We can think of three cumulative effects. First, trial by jury represents the only chance for activists who are prosecuted to put their moral case to 12 of their peers, to seek civic exculpation from the reach of oppressive criminal laws. History is replete with examples of acquittals by juries performing the role of conscience of the nation: in January 2022, three Extinction Rebellion activists who stopped a rush-hour train for a little over an hour in central London were acquitted.
A jury is also uniquely positioned to understand the experiences of striking workers facing police brutality (as during the 1984-85 miners’ strike), or those defending their communities against racist violence (such as the 10 Asian men acquitted in 2016 after confronting far-right extremists in Rotherham), and its absence in such cases would open the door to countless wrongful convictions. Finally, removing jury trials reduces the “communicative space” in which activists can engage with people and share their concerns on, say, the climate catastrophe. In the race to streamline the procedures of justice, we risk greater costs to obtaining real justice.
Dr Joanna Gilmore York Law School
Prof David Mead UEA Law School
It used to be said that British justice was the best in the world. If ever that was the case, the Leveson review of the criminal courts shows that this is no longer the case. When I was a crown court judge (2011-19), colleagues and barristers in the criminal courts had to put up with strictures on their ability to do their job. Cuts to the proper funding of cases, to the maintenance of buildings (or their selling-off) and the limiting of “sitting days” have contributed gradually to the criminal courts’ lamentable state.
Sir Brian Leveson was presented with a fait accompli. The court system is broken and prisons are overflowing.

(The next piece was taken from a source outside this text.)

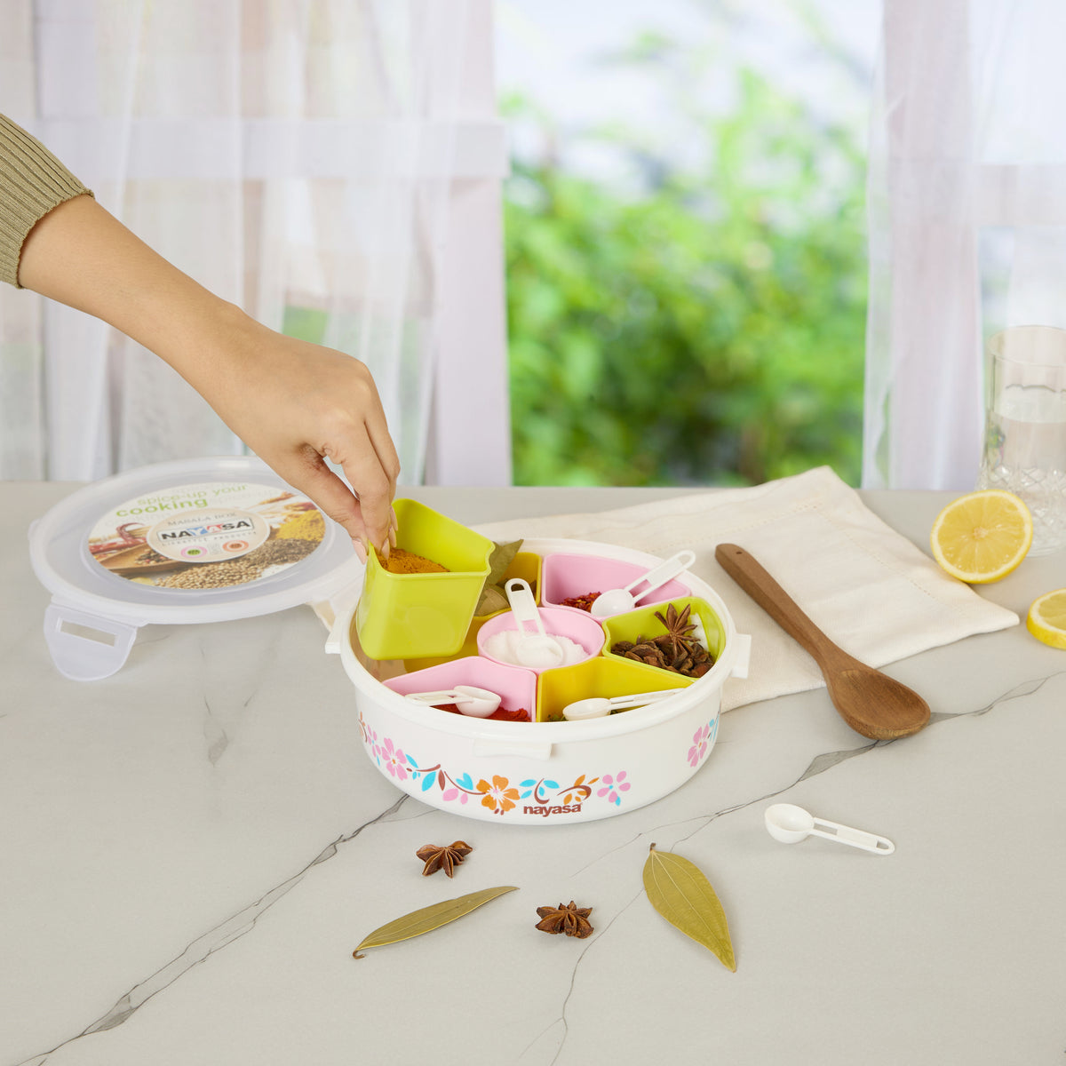 Beautiful printed masala box with 7 sections for organizing spices. Airtight, BPA-free, and perfect for daily kitchen use.

No wonder he has had to make recommendations that are not made on principle but purely as a matter of expediency. They are very radical. Two things need to happen to prevent a great injustice in the long term. First, the measures proposed, many of which require legislation, should come to an end when the backlog has been cleared. We could then debate whether any of them should be made permanent.
Second, the judiciary must be given a proper voice. With the redefining of the role of lord chancellor in the Constitutional Reform Act 2005, there has been a succession of politicians whose primary duty has been to support the government in its fiscal policies. We now live with the consequences. The 2005 act should be amended to make the lord chancellor a lawyer and to make their primary duty the welfare of the judicial system.
Owen Davies KC
London
I am a sitting justice of the peace. Magistrates are the experts in juryless trials already. More than 80,000 trials were held in magistrates courts in 2024. As magistrates are unpaid volunteers without formal legal training, appointed from within the communities they serve, it might be argued that they bridge the gap between the paid judiciary and the citizens who currently sit on juries in crown court. They are therefore ideally placed to supplant juries in the situations suggested by the Leveson report.